WHAT NEEDS TO BE DONE -
Copy the data exactly; pictures stay out of the copy.

DATASET CONTENT -
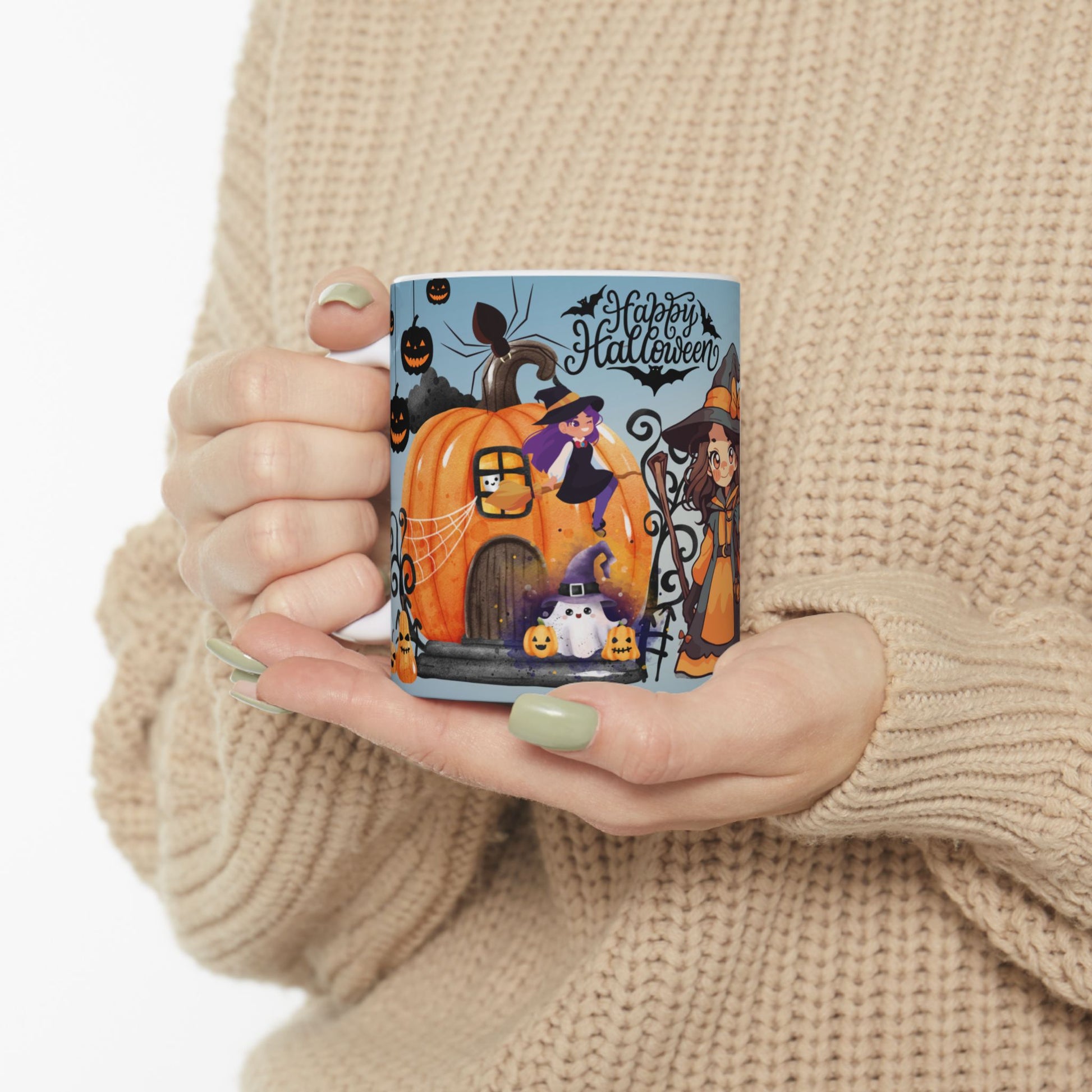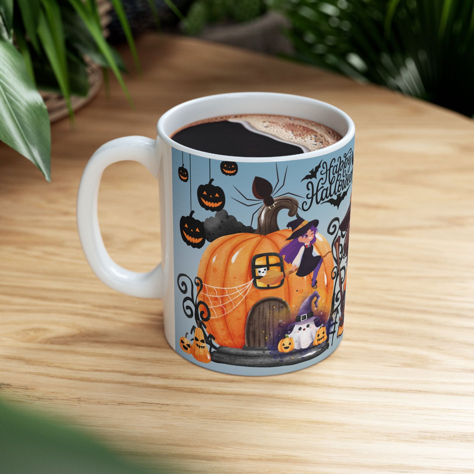 แก้วเซรามิกฮาโลวีน | ลายแม่มดสุดน่ารัก | เหมาะสำหรับตกแต่งฤดูใบไม้ร่วง ของขวัญสำหรับเธอ คนรักกาแฟ ปาร์ตี้ฮาโลวีน
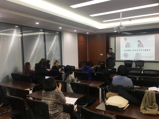 谢雨婷同学则针对时尚创意活动策划中的一个环节,做了题为《以上海时装周为例谈服装表演编排设计》的讲座,以上海时装周的演出为例,对服装表演编排设计的基本原理、原则及其应用进行解析,并分享了自己的多次实践经验和感悟。
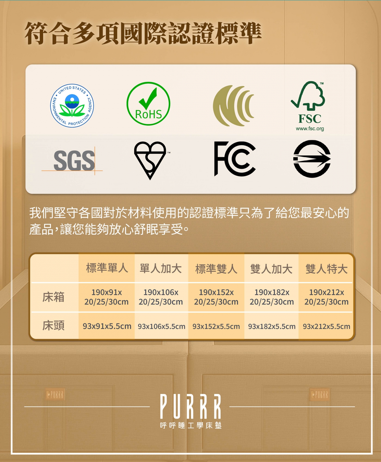 從選材到製作,嚴格把關每一道程序,只為提供您與家人一個安心、安全、健康的睡眠環境

EXPECTED ANSWER -
 แก้วเซรามิกฮาโลวีน | ลายแม่มดสุดน่ารัก | เหมาะสำหรับตกแต่งฤดูใบไม้ร่วง ของขวัญสำหรับเธอ คนรักกาแฟ ปาร์ตี้ฮาโลวีน
 谢雨婷同学则针对时尚创意活动策划中的一个环节,做了题为《以上海时装周为例谈服装表演编排设计》的讲座,以上海时装周的演出为例,对服装表演编排设计的基本原理、原则及其应用进行解析,并分享了自己的多次实践经验和感悟。
 從選材到製作,嚴格把關每一道程序,只為提供您與家人一個安心、安全、健康的睡眠環境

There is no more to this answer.